This word of comfort is addressed to a very specific group
of people. “Listen to me, you who pursue
righteousness, you who seek the Lord…” and ““Listen to me, you who pursue
righteousness, you who seek the Lord…”
The promised comfort is intended to reach the ears and then the hearts
of those who seek righteousness because what is promised is righteousness, “a
law will go out from me, and I will set my justice for a light to the
peoples.” Those who will fully receive
the comfort the Lord offers know that the real comfort is not the Land or its
possession and enjoyment, it is found in the comforter Himself, the restoration
not of the nation but of a covenant people worshipping and enjoying Him. We tend to get that wrong. When we look for restoration of some wrong we
set that thing first and not the one who restores. Possession of the Land was something that was
to benefit the people and the Land because the people lived according to the
Law and life was as it should be. The
command was, “Lift up your eyes to the heavens, and look at the earth beneath; for
the heavens vanish like smoke, the earth will wear out like a garment, and they
who dwell in it will die in like manner; but my salvation will be forever, and
my righteousness will never be dismayed.”

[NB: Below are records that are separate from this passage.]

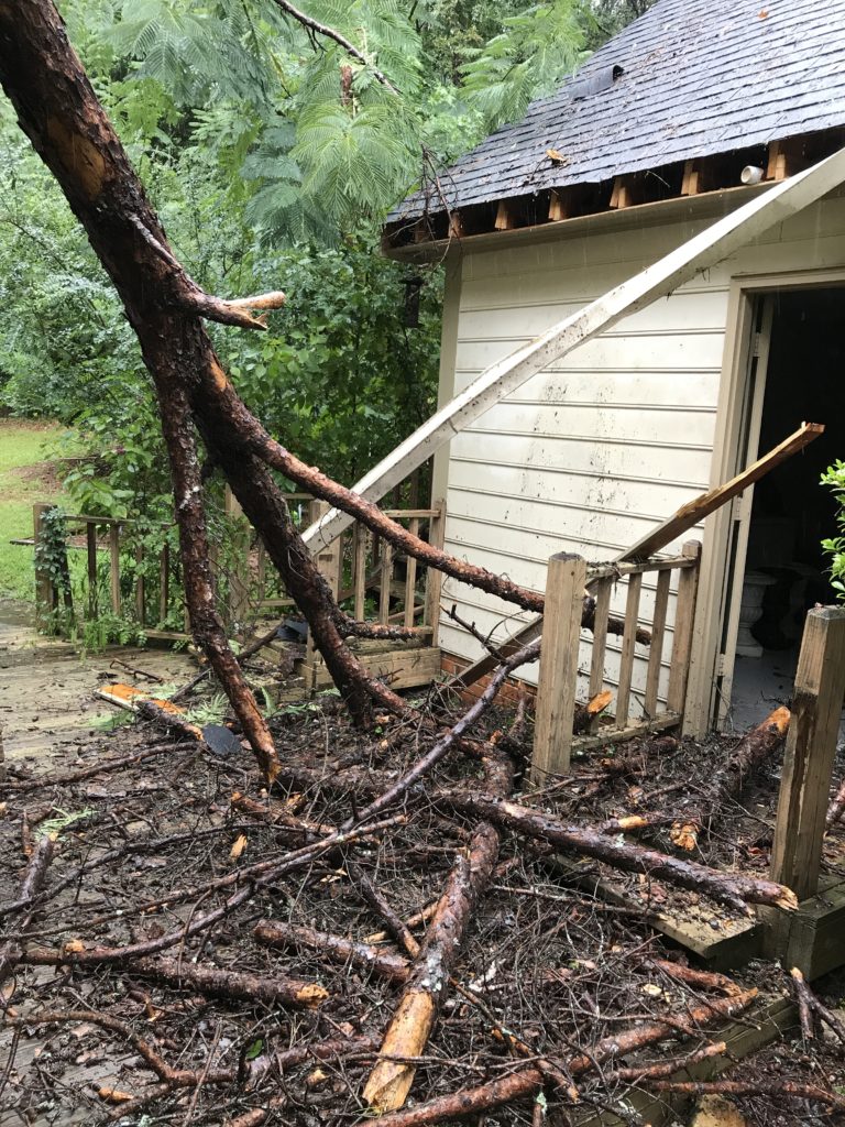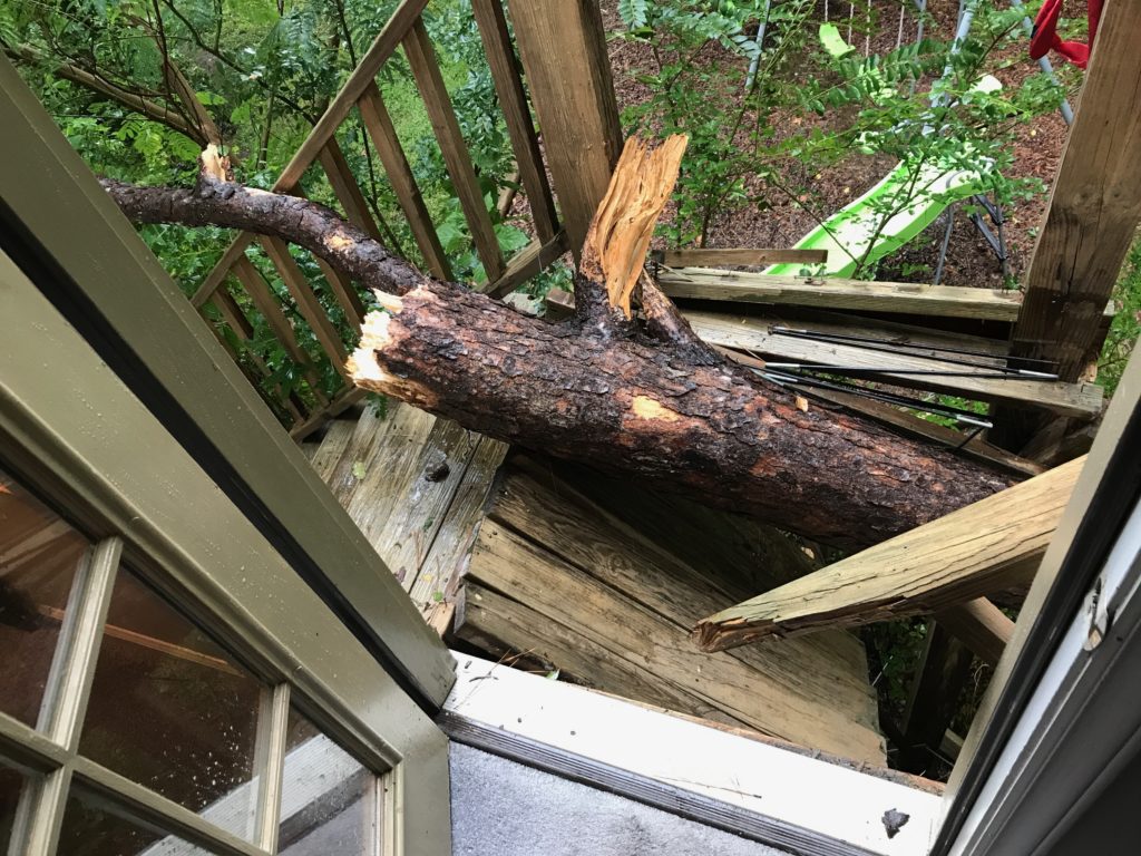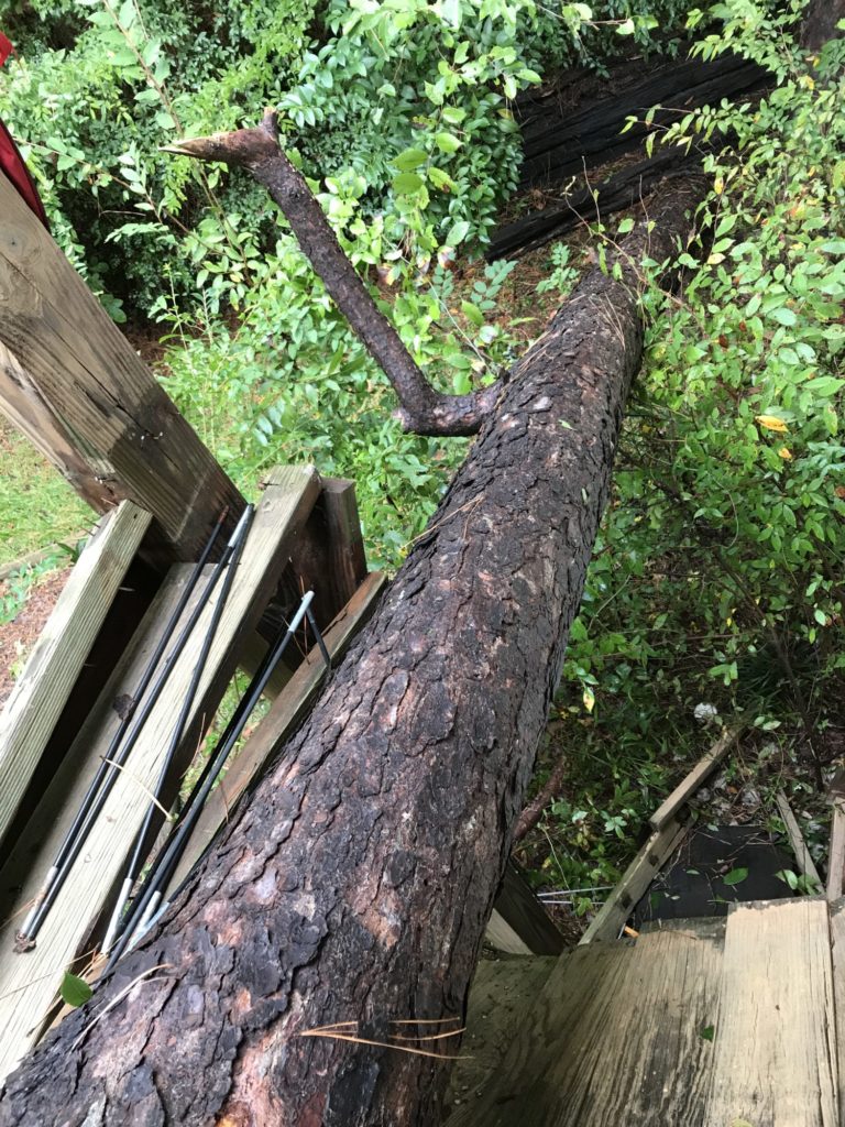 Less than fifteen feet from where I was sitting, the middle trunk of a tall pine tree had slammed into the stairs leading up to my office – taking out the platform and making splinters of the railing.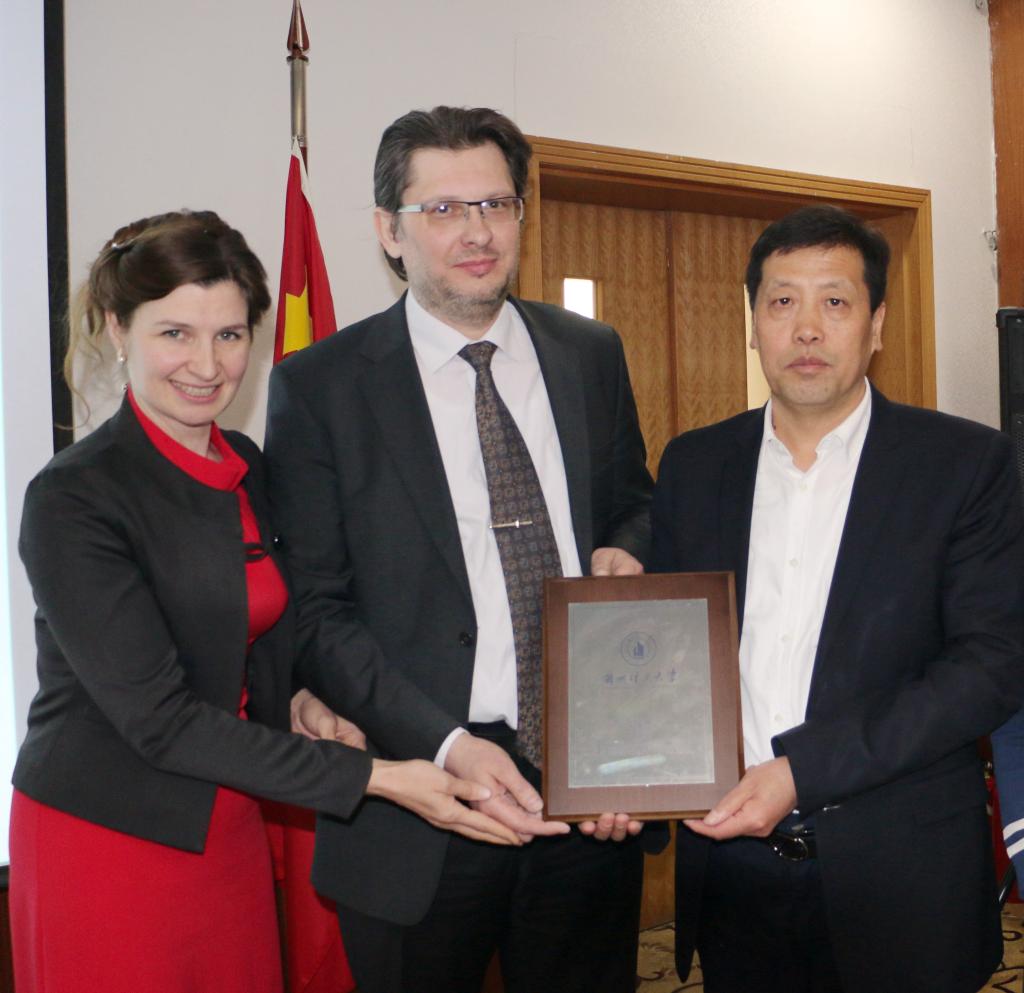 芮执元校长代表学校向兹诺巴·尼古拉先生赠送纪念品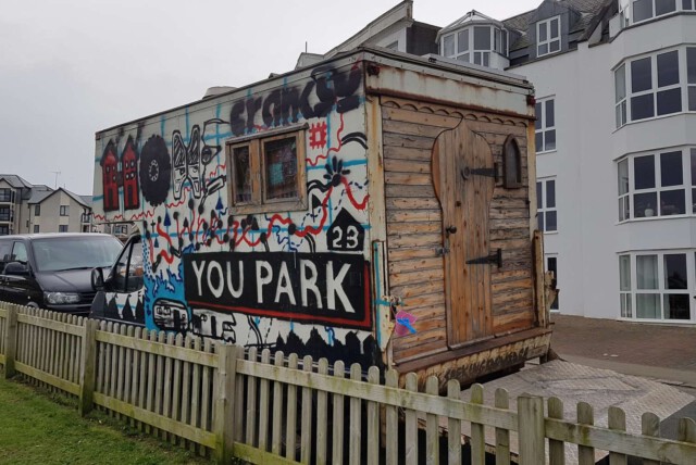 Wir hatten an diesem Tag also Zeit genug, uns das Städchen genauer anzusehen. Wir spazierten an der Küste entlang, schauten uns interessante Gebäude an und versanken stundelang in einem Cafe, wo wir genüßlich Scones mampften, die Menschen beobachteten und das WLAN leer saugten, um uns mit Musik zu versorgen und einen Schwung Bilder hochzuladen. Da wir am Tag zuvor den Aushang eines Pubs sahen, wo es heute ‚Open Mic‘ geben sollte, wollten wir den Abend unbedingt abwarten. Allerdings war das Wetter nass und stürmisch und wir sehnten uns nach Sonnenschein und schöner Natur, sodass wir uns dazu entschlossen der Küste vorerst den Rücken zu kehren und ins Landesinnere in den Brecon Beacon Nationalpark zu fahren. Wales, wir kommen!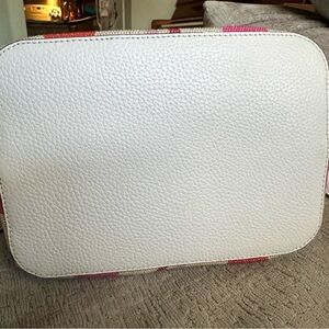 Known mostly as a leather purse, this is the standout of the collection I believe. With white pebbled leather, gold embossed logo, silver hardware, and beautiful coastal looking pink and neutral stripes on canvas. Everybody that sees this bag loves it. I think it looks like a piece of bubblegum. It’s yummy.
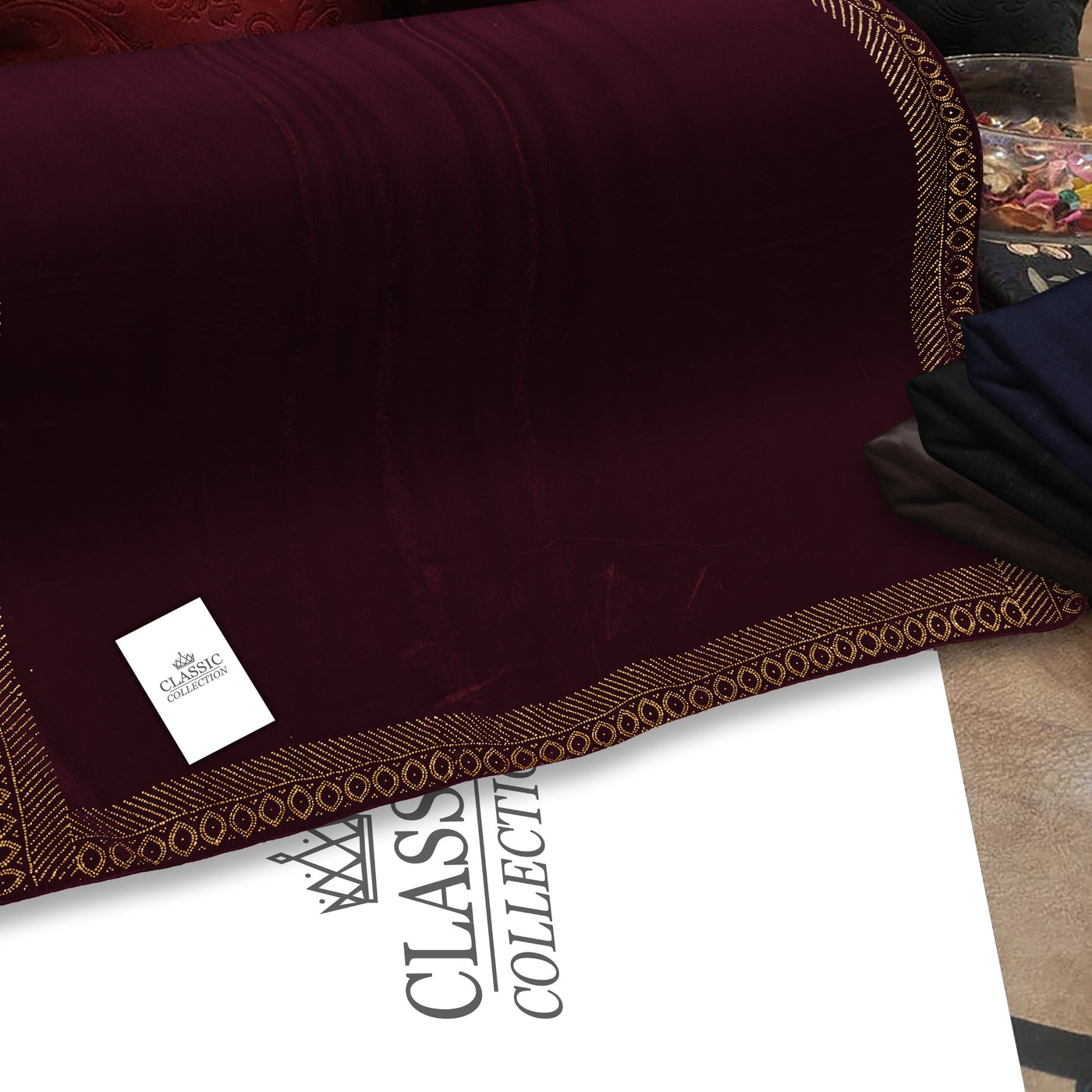 China micro Velvet bridal Shawl Stone work 4 Border (Mehrun)

Tradition, Jesus says, is a secondary matter. “You leave the commandment of God and hold to
the tradition of men.” It isn’t that
tradition is a bad thing but when it becomes more important than the
commandment of God then we have a problem.
The commandments Jesus gave were simply love God and love your
neighbor. When tradition gets in the way
of those two, we need to re-evaluate the tradition. Sometimes we value traditions over
people. In our worship we certainly
value the tradition and other churches don’t in favor of reaching seekers in
worship. Our choice of traditional
worship means that we need to be more active and involved in personal
evangelism than other people since we have at least half our service that is inaccessible
to seekers, communion, which is only intended for believers. The remainder of the worship can also be inaccessible
as we demand a high reading level to fully participate. If we aren’t engaged in personal evangelism, I
would say that Jesus’ criticism of tradition is validly applicable to us. Let’s make sure it isn’t.
The Law was simply given as a pedagogue, a teacher to lead
us to Christ. It was an intermediate
step that awaited the proper time for its fulfillment. Jesus is the fulfillment of the Law in
perfection, as only the Lawgiver can be.
Righteousness isn’t its own reward, it can’t be reached and it isn’t a
competitive game whereby we measure ourselves against others. If we are truly pursuing righteousness, then
we have a picture of it in our heads and yet when perfect righteousness came,
we see that those who were said and thought to be pursuing it had a wrong
picture of what it looked like. Jesus came
to show us what real righteousness looks like, so our picture can be accurate
and we can pursue true righteousness. We
stand in His righteousness when we believe in faith that He is the perfect
sacrifice for the sins of the whole world.
The tradition of faith, the tradition that traces back to Abraham, is
the only tradition that truly matters.